London: Stock markets plunged deeper into the red on Friday after data showed that US inflation soared to highest level in 40 years in May, outpacing analysts' expectations.

In Europe, all of the major stock indices ended the week sharply lower.

Paris's blue-chip CAC 40 lost 2.7 percent on Friday, Frankfurt's DAX index was down 3.1 percent, Milan's FTSE MIB shed 5.1 percent, Madrid's IBEX tumbled 3.7 percent and London's FTSE dropped by 2.1 percent.

On Wall Street, stocks also were deep in negative territory after US government data showed inflation reached 8.6 percent in May, the steepest rise in consumer prices since December 1981, on the back of surging energy and food prices.

"US CPI for May has come in stronger than expected," said Stephen Innes of SPI Asset Management. "Inflation is back on the highs; critically, it's across the board."

The data had been eagerly anticipated as investors hungrily look for clues as to the direction of US interest rates at next week's meeting of the Federal Reserve.

"Today's release of US CPI underscores the need for tighter monetary policy," said Fawad Razaqzada at

"As the Fed and others have admitted the need for 'more forceful' monetary tightening to address surging inflation around the world, this should keep the Nasdaq and other risk assets under pressure and support the US dollar against weaker currencies and gold," he said.

Inflation is soaring across the world, prompting the European Central Bank to finally join the Fed in tightening its monetary policy as it announced on Thursday that it would raise rates next month.

Economists warn that surging inflation, driven by rocketing energy prices, could push top economies into recession.

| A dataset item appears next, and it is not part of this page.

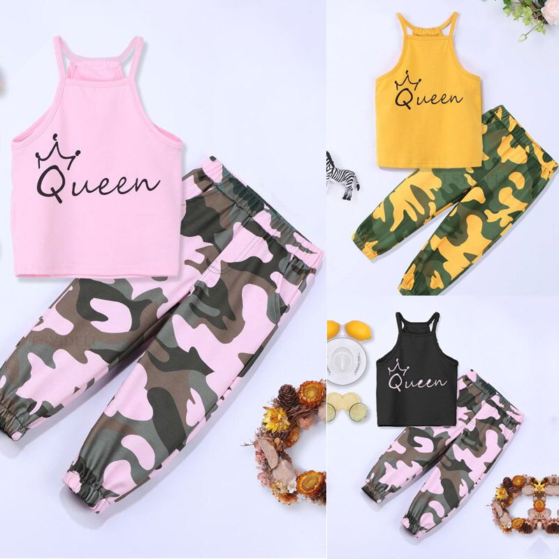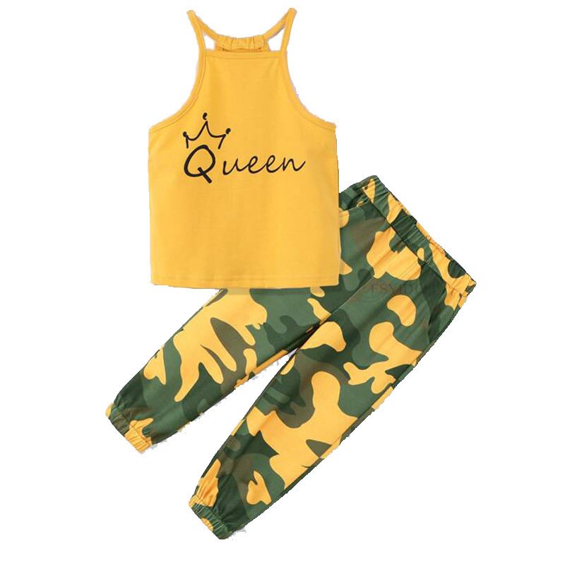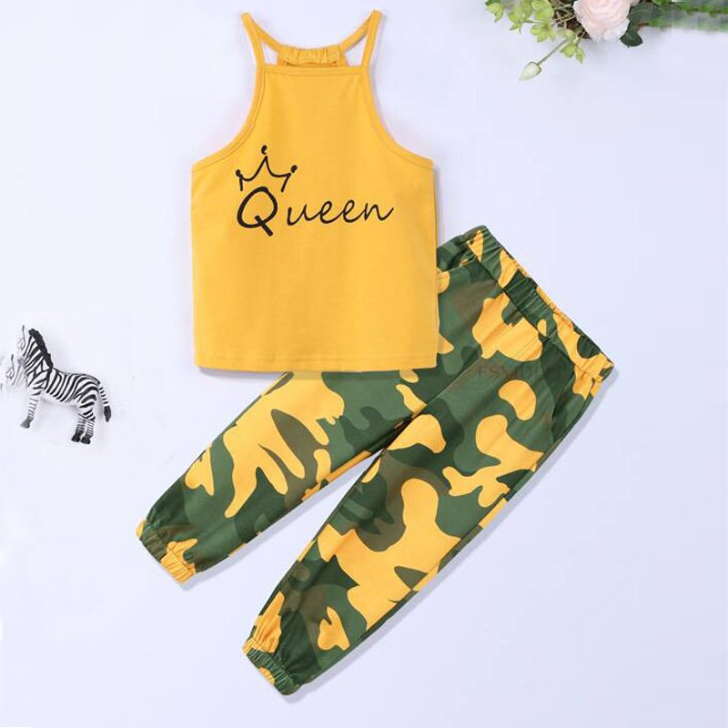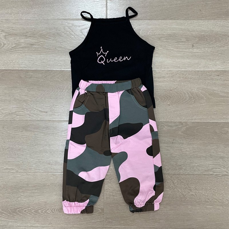 Kids Casual Alphabet Vest Camouflage Trousers Two-Piece Set

Adding to the unease was news that officials in China had once again locked down millions of people for Covid testing owing to another flare-up in cases, dealing a blow to hopes for an economic reopening.

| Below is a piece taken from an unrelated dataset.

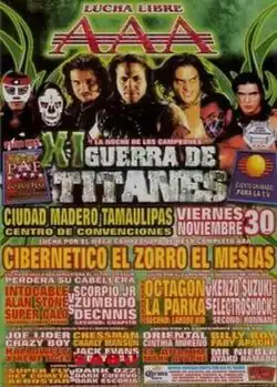 2007 Guerra de Titanes ("War of the Titans") was the eleventh Guerra de Titanes professional wrestling show promoted by Asistencia Asesoría y Administración (AAA). The show took place on November 20, 2007, in Madero, Mexico like the previous year's event. The Main event featured a 3 way Elimination match where the AAA Mega Champion El Mesias defended against Cibernético and El Zorro.

"Warning signs about the economy are emerging as weekly (US) jobless claims are starting to rise, China's Covid situation will prove troublesome for supply chains over the next couple of quarters, and as inflationary pressures broaden and show no sign of easing," said Edward Moya, analyst at OANDA trading group.

"It seems reductions in global growth forecasts will become a steady theme over the next few months and that should complicate how much more tightening we see from central banks," he said.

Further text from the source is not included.